Don Bradman’s Book appeared in 1930 after that remarkable English summer in which Bradman scored 974 runs in seven Test innings. It is true that there was some technical advice as well, but in addition Bradman also wrote the story of his life to that date and, largely, refused to allow any editing of the text he provided.

Did Pollock have a further autobiography in mind all along? I would be surprised if not, but in any event so well did Pollock and Bradman eventually get on that towards the end of the series Pollock was invited to Bradman’s home and left with a gentleman’s agreement that Pollock had two months in which to put together a book contract.

In the event Pollock had no trouble in putting a deal together. The News of the World wanted to serialise the story and Stanley Paul to publish the book. The newspaper agreed to pay Pollock £1,000 to write the book, presumably plus expenses. Today’s equivalent would be around £70,000. Bradman, naturally, negotiated his own price and all that Pollock would say on that subject was that it was a lot more than I got, and quite rightly too. Part of the reason for that comment was, no doubt, because when Pollock arrived in Australia in the 1937/38 summer he was greeted by a Bradman who had already written a large part of the book. My Cricketing Life was published in July 1938, part way through that summer’s Ashes series.

In 1938/39 Pollock spent a third English winter in the southern hemisphere when he accompanied Walter Hammond’s England side to South Africa. In recent years two books have emerged on that series, which culminated in the infamous ‘timeless test’ that had to be left drawn after nine days play in order to facilitate the English team being able to rendezvous with the ship due to take them home. Before 1997 however there was nothing on the last cricket tour of the inter war period other than Pollock’s final book, Talking of Cricket which, published in 1941, contained amongst its nineteen chapters one entitled Nine Days’ Wonder. It was, by a distance, the longest of the nineteen and for once Pollock’s writing was a straightforward report of a game of cricket, and a very good one as well.

As for the eighteen briefer chapters in Talking About Cricket the clue is in the title. Conversational in nature there are many anecdotes from Pollock alongside his impressions of the game over a lifetime of watching the all time greats. There are also a few autobiographical snippets, although those are always incidental to the main thrust of the essays in which they appear.

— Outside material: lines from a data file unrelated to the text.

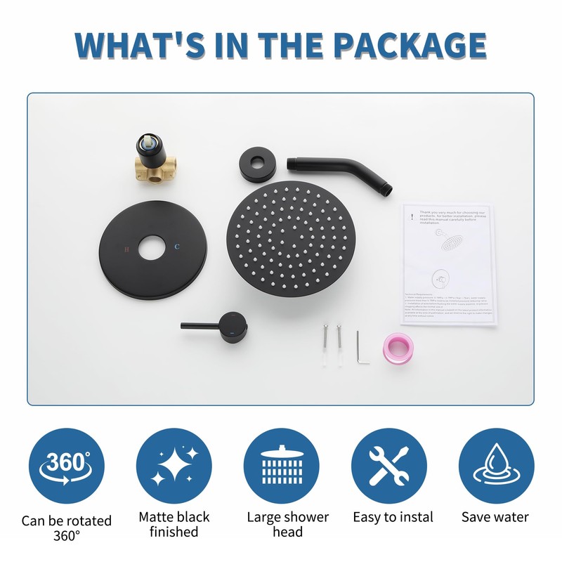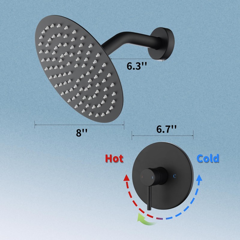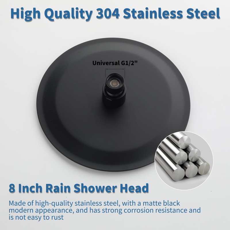 - 【High-Pressure】This single-function shower faucet features an 8-inch rain shower head. The combination of ultra-thin and air-in technology offers a strong and high pressure shower; you can enjoy a spa shower at home, even in a low-pressure area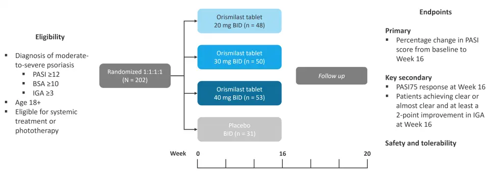The primary endpoint was met, with a significant reduction in Psoriasis Area and Severity Index (PASI) score with orismilast 20 mg (−53%; p < 0.001), 30 mg (−61%; p < 0.001), and 40 mg (−64%; p < 0.001) versus placebo (−17%) at Week 16.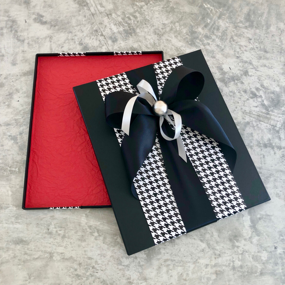 ご希望の雰囲気やお色を念頭に置き、男性に好まれそうなモノトーンをメインに華やかさも足した貼り箱です。
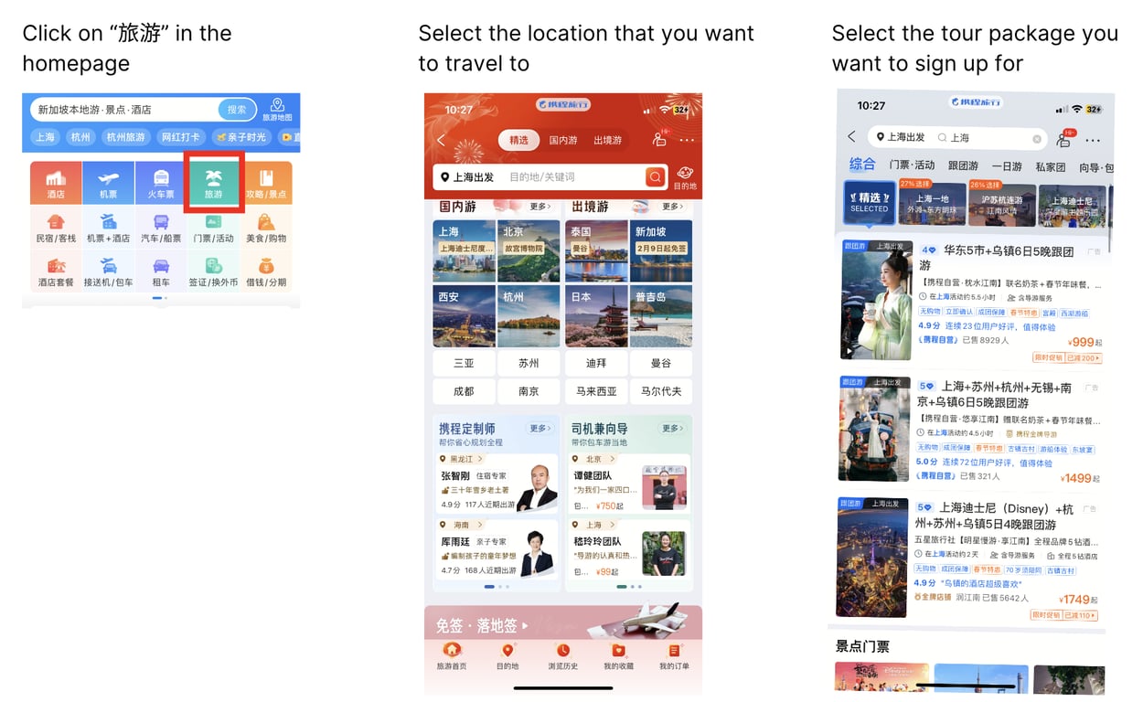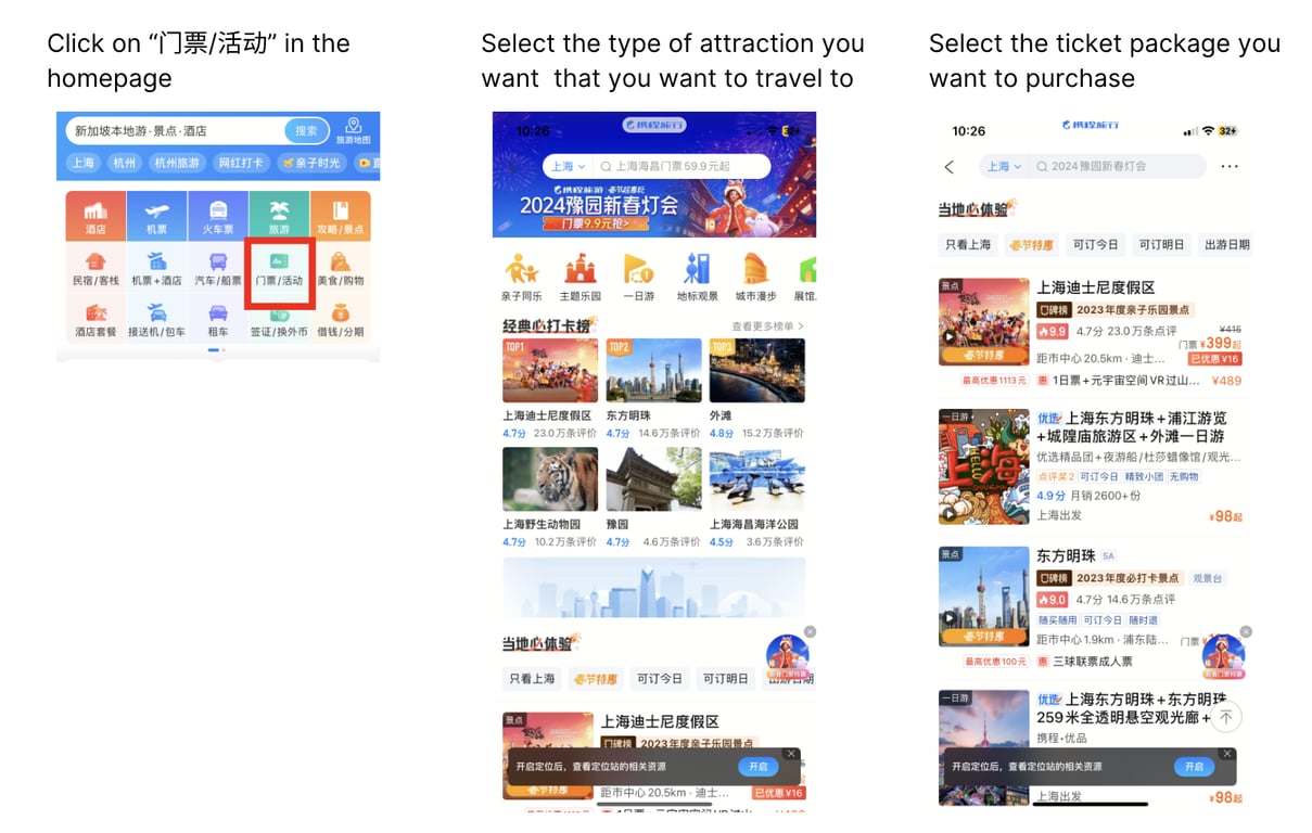 4. Attraction Tickets: Users can purchase tickets for attractions, shows, and tours through Ctrip, often at discounted prices.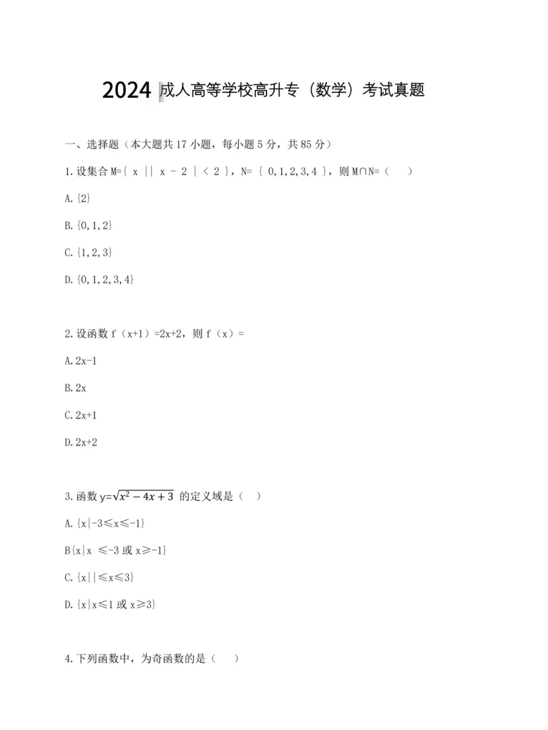 • 2023年浙江成人高考专升本高数二真题及答案!!!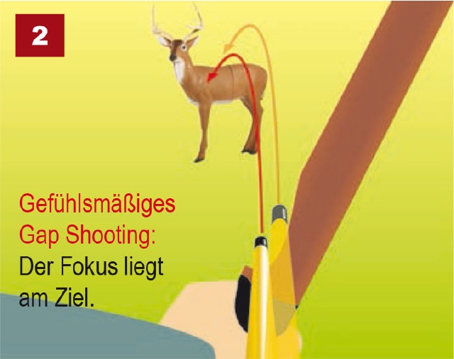 Der große Unterschied in den Zieltechniken ist dabei zum einen der Fokus, also auf was man seine Aufmerksamkeit richtet. Beim Systemschießen mit der Pfeilspitze (point of aim) liegt er auf dem Punkt, auf den die Pfeilspitze zeigt. Scharf sollte man allerdings die Stelle sehen. Die Pfeilspitze selbst ist dann unscharf. Der zweite Unterschied ist, dass man beim Systemschießen den Punkt, auf die die Pfeilspitze dann gehalten wird, vor dem Schuss, also bevor man aufzieht, festlegt. Beim Gap Shooting liegt der Fokus am eigentlichen Ziel. Stellt man den gefühlsmäßig ein, muss man den Pfeil mit einem Seitenblick mit betrachten. Macht man es systematisch, ist der Abstand zwischen Pfeilspitze und Ziel im Fokus. Im Gegensatz zum Systemschießen wird aber alles erst "eingestellt", wenn man bereits aufgezogen hat.
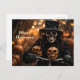 Skeleton in a vintage tuxedo and hat with modern bicycleand halloween decorations. Happy Halloween Postcard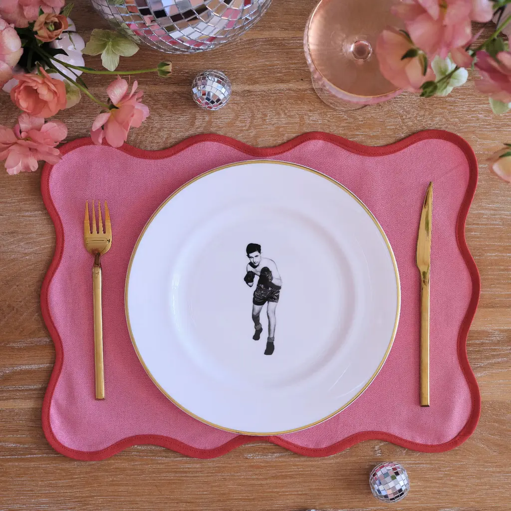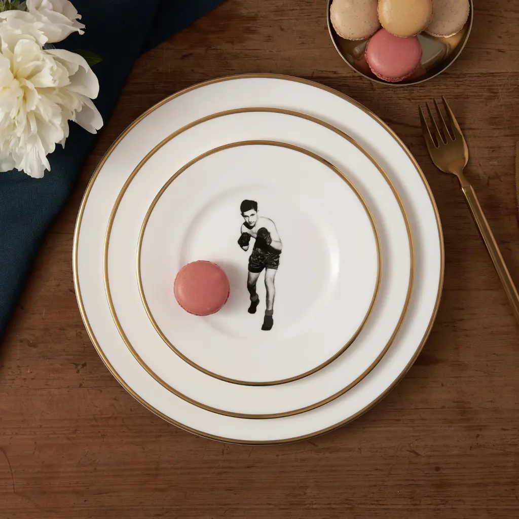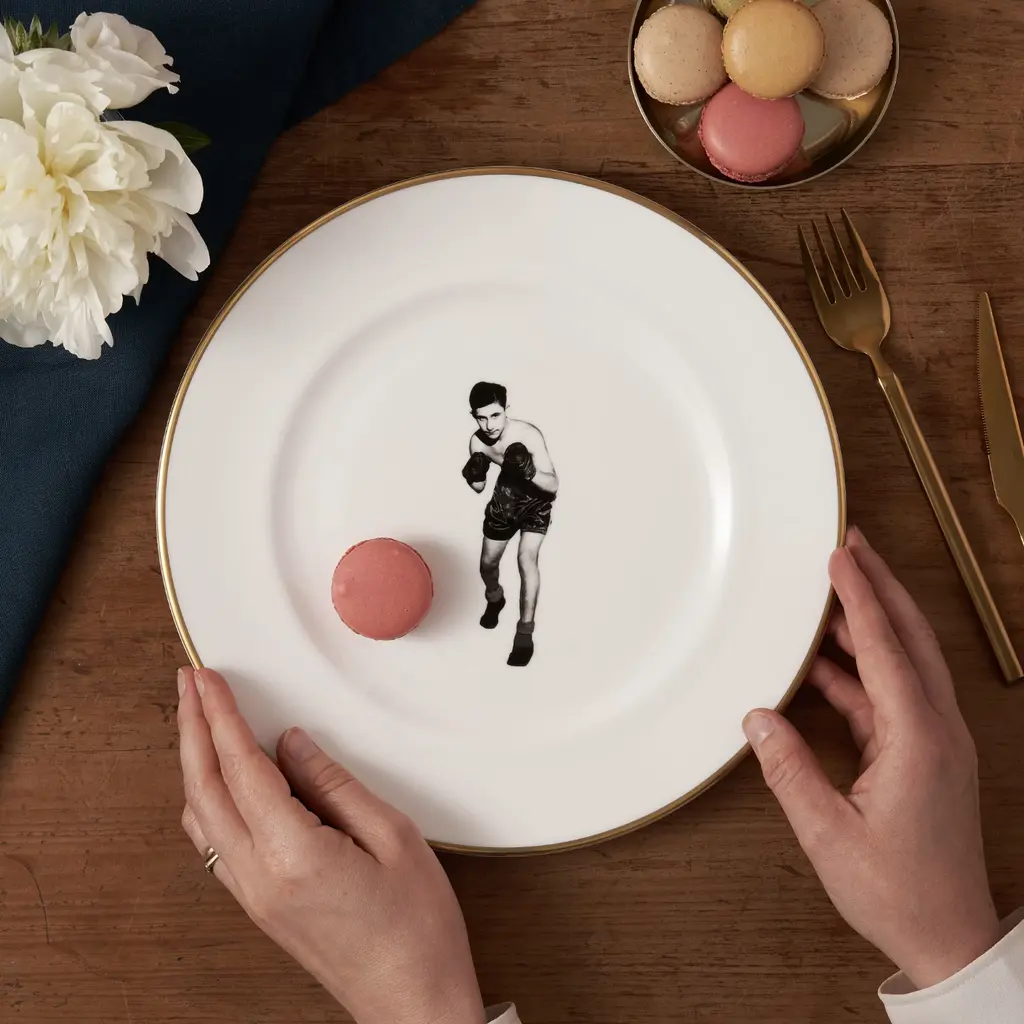 Set the table in unique style with an exquisitely handcrafted fine bone china dinner plate featuring boxing inspired 'Fighting Spirit'.Finished with hand painted 22kt burnished gold trim.Perfect on it's own or mix and match designs from the Melody Rose collections for a contemporary take on traditional fine china.Design also available and in smaller lunch and dessert plate sizes as well as dinner plates with a Forest Green, Raspberry Pink or Cobalt Blue border.The playful design paired with the best of British craftsmanship make this a great gift for foodies, designs lovers and boxing fans.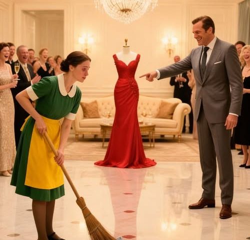 Amid laughter and raised glasses, a striking woman appeared at the grand entrance. The crowd glanced her way, and everything paused. Clara stood there wearing the same red dress that had once been a symbol of her embarrassment but now radiated power. Her hair was neatly gathered, her posture graceful, her expression calm- no trace of the timid maid remained.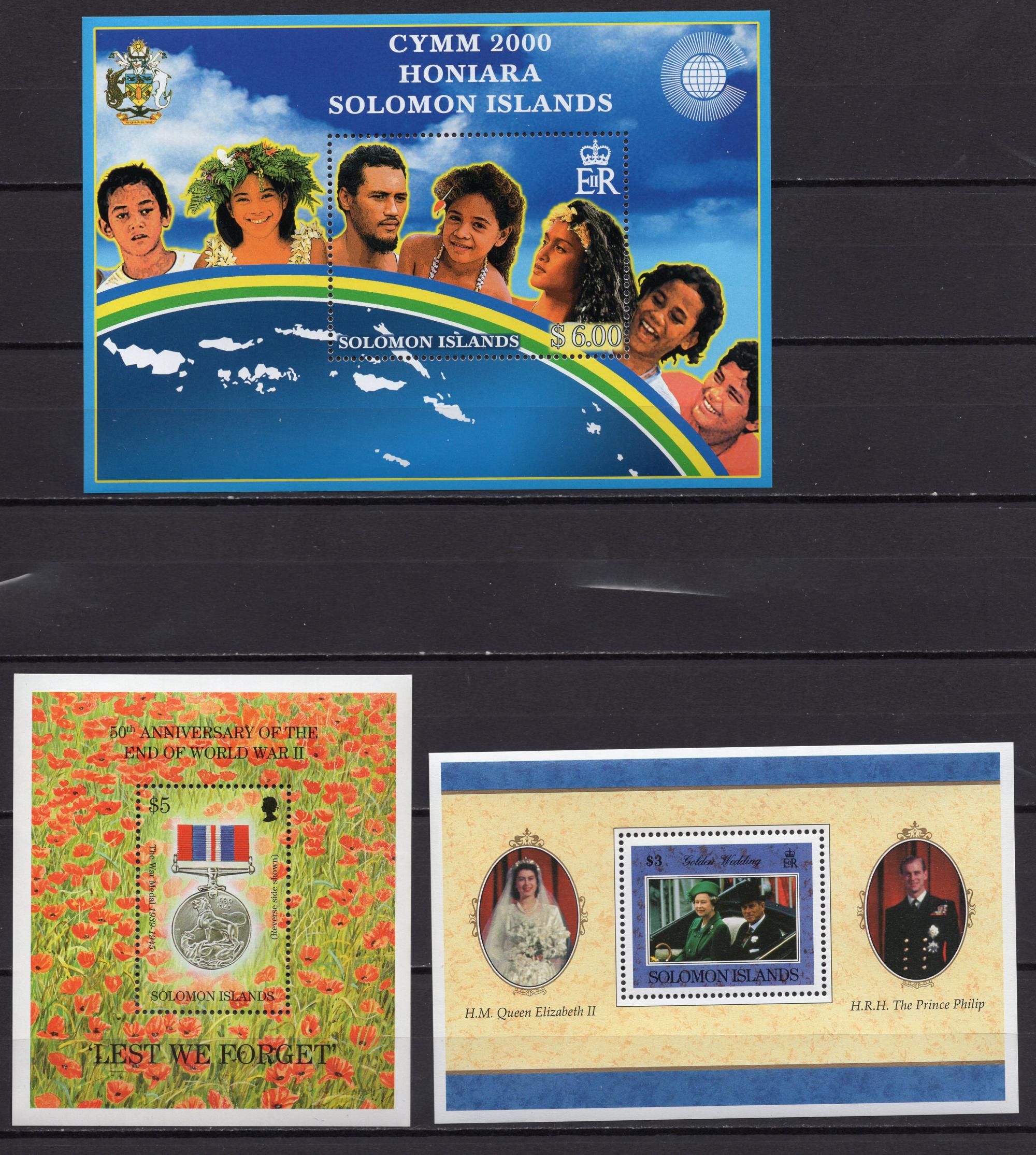 Почтовые марки. Соломоны. 1995-1997г. Елизавета II и принц Филипп. Фестиваль молодежи. Вторая мировая. Медали. Цветы. № Бл. 42, 49, 60.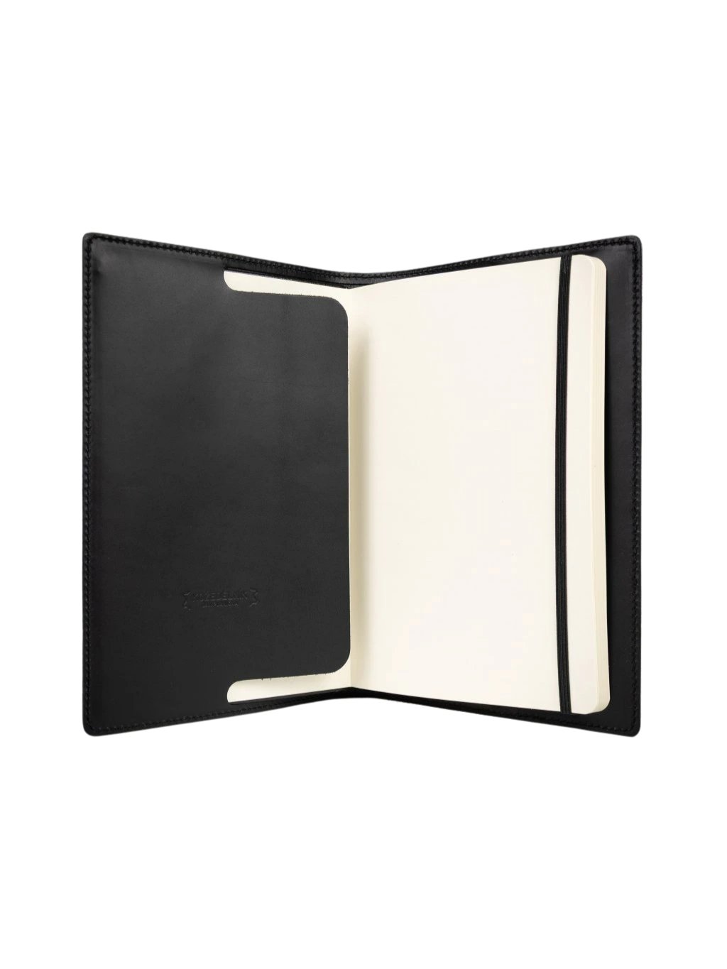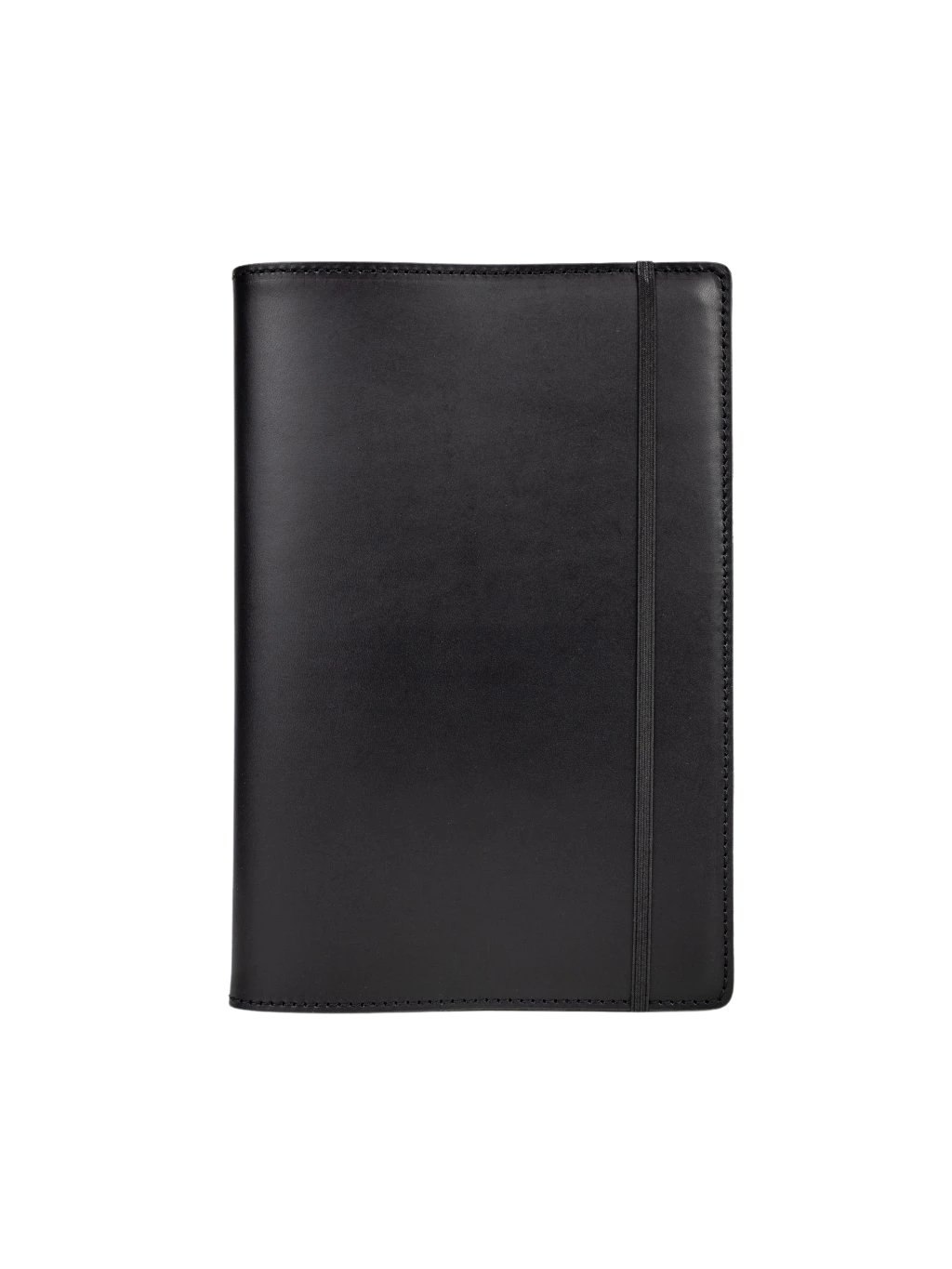 Decentní kožený obal na zápisník z lícové hovězí usně v kapesní velikosti A5.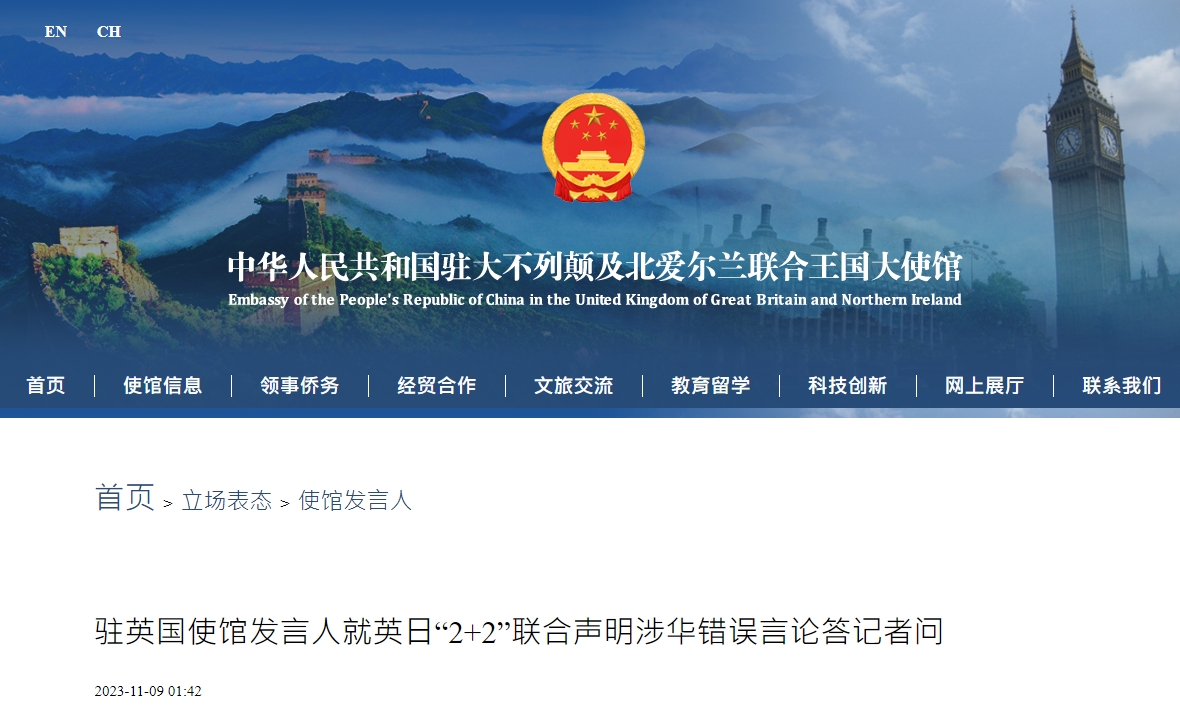 關鍵詞:駐英使館英日2+2俄烏局勢

Despite being 57 when the Second World War broke out Pollock still joined up, this time being a Squadron Leader in the RAF Reserve whose role was in public relations at the Air Ministry. Sadly he did not live to see peace return, and died at home in Worthing in October 1944. The only obituary I have found that gives any insight into his personality appeared in The Stage, and described Pollock as though outwardly grave, he was a warm hearted companion, rich in humour and humanity, and a loyal friend. Cricket was not merely a game with him but a faith, as readers of his charming book Talking About Cricket will know before adding, perhaps not surprisingly given that The Stage was the weekly journal of the entertainment industry; his theatrical work was more professional, but he was a sound and kindly critic.

Comments

I am William Pollok’s niece and am looking for as much information zbout him and his wife Mercia Gregori nee McGlochlin as I can find.. My Father, Reginald was Williams youngest brother.
Jean Pollock.

Comment by Jean Pollock | 4:20pm GMT 8 December 2021

They are.my great grandparents. My grandmother Thérèse, is their daughter.